On well-posedness and singularity formation for the Euler-Riesz system

TL;DR

This paper studies the well-posedness and finite-time blowup of solutions for the Euler-Riesz system, extending classical results to cases with nonlocal interactions and providing conditions for singularity formation.

Contribution

It develops a functional framework for local existence and uniqueness, covers the Euler-Poisson case, and establishes finite-time blowup criteria for a broad class of initial data.

Findings

Established local well-posedness for Euler-Riesz system.

Proved finite-time blowup under certain initial conditions.

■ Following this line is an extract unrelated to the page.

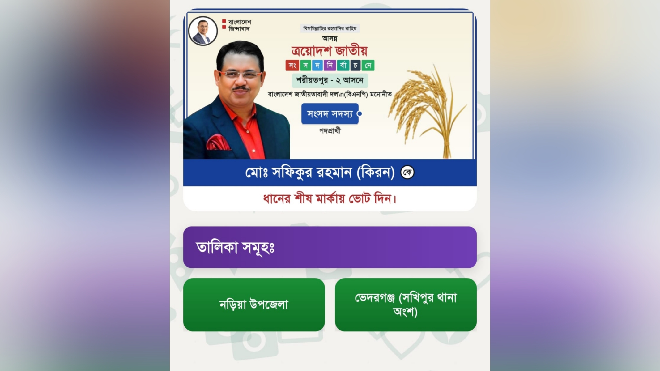 শরীয়তপুর-২ আসনের ভোটারদের জন্য একটি নতুন অ্যান্ড্রয়েড অ্যাপস চালু করা হয়েছে।

Extended analysis to both attractive and repulsive interaction forces.

Abstract

In this paper, we investigate the initial value problem for the Euler-Riesz system, where the interaction forcing is given by $\nabla(-\Delta)^{s}\rho$ for some $-1<s<0$, with $s = -1$ corresponding to the classical Euler-Poisson system. We develop a functional framework to establish local-in-time existence and uniqueness of classical solutions for the Euler-Riesz system. In this framework, the fluid density could decay fast at infinity, and the Euler-Poisson system can be covered as a special case. Moreover, we prove local well-posedness for the pressureless Euler-Riesz system when the potential is repulsive, by observing hyperbolic nature of the system. Finally, we present sufficient conditions on the finite-time blowup of classical solutions for the isentropic/isothermal Euler-Riesz system with either attractive or repulsive interaction forces. The proof, which is based on estimates of several physical quantities, establishes finite-time blowup for a large class of initial data; in particular, it is not required that the density is of compact support.